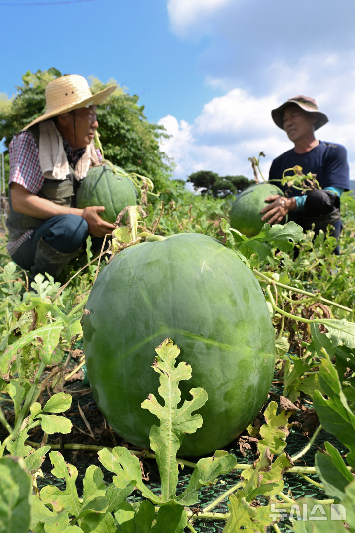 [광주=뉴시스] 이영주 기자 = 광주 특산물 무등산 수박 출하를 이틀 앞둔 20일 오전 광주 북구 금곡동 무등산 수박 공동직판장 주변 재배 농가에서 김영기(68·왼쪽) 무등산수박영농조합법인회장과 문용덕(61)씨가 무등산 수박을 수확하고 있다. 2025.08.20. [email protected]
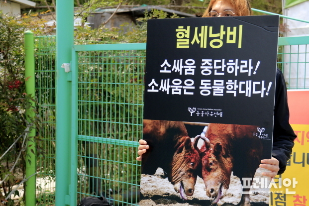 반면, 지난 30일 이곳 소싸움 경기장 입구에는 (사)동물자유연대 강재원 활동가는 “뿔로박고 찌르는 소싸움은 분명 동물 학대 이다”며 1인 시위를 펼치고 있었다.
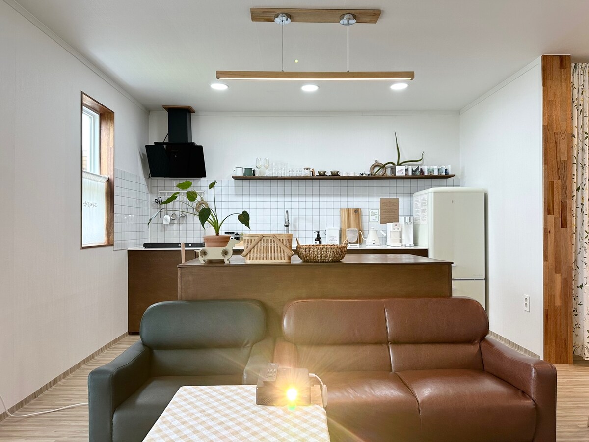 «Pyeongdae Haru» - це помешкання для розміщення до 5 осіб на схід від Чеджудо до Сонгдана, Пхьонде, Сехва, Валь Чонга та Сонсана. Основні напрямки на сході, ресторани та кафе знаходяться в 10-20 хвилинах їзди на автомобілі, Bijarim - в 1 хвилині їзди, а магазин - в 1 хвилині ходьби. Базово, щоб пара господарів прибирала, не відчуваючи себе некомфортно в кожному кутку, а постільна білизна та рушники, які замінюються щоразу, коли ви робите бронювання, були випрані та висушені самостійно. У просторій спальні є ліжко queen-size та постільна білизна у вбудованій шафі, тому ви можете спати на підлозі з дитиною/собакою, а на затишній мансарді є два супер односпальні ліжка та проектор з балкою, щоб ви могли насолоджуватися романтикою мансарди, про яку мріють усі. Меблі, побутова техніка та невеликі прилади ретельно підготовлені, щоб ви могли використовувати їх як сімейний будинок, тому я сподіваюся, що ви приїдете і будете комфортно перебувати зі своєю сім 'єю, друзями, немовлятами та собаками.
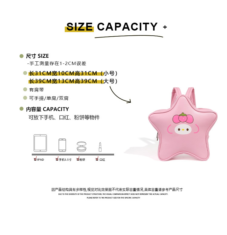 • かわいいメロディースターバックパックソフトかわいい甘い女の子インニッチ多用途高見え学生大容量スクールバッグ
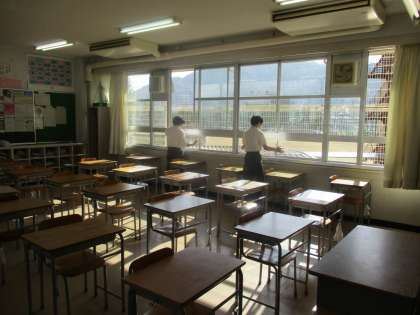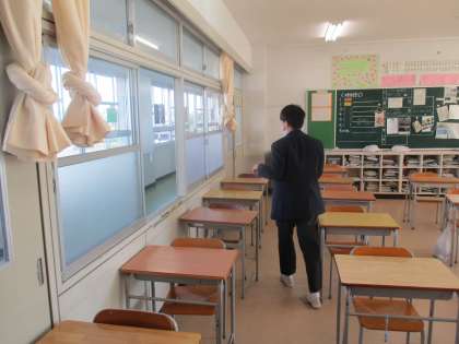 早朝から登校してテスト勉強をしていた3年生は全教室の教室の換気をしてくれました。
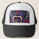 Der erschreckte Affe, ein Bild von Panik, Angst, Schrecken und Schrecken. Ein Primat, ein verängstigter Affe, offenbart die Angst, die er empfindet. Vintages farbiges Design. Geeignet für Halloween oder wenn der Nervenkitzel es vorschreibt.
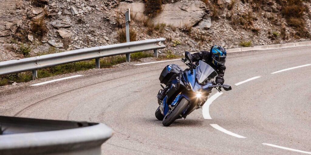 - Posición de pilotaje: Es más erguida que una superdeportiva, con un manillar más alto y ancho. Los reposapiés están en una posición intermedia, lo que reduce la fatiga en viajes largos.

**TASK INSTRUCTIONS**
Nothing but an exact copy belongs in the answer: the lines from the top of the records through the line containing "반면, 지난 30일 이곳", minus the pictures.

**RESULT OF THE TASK**
 [광주=뉴시스] 이영주 기자 = 광주 특산물 무등산 수박 출하를 이틀 앞둔 20일 오전 광주 북구 금곡동 무등산 수박 공동직판장 주변 재배 농가에서 김영기(68·왼쪽) 무등산수박영농조합법인회장과 문용덕(61)씨가 무등산 수박을 수확하고 있다. 2025.08.20. [email protected]
 반면, 지난 30일 이곳 소싸움 경기장 입구에는 (사)동물자유연대 강재원 활동가는 “뿔로박고 찌르는 소싸움은 분명 동물 학대 이다”며 1인 시위를 펼치고 있었다.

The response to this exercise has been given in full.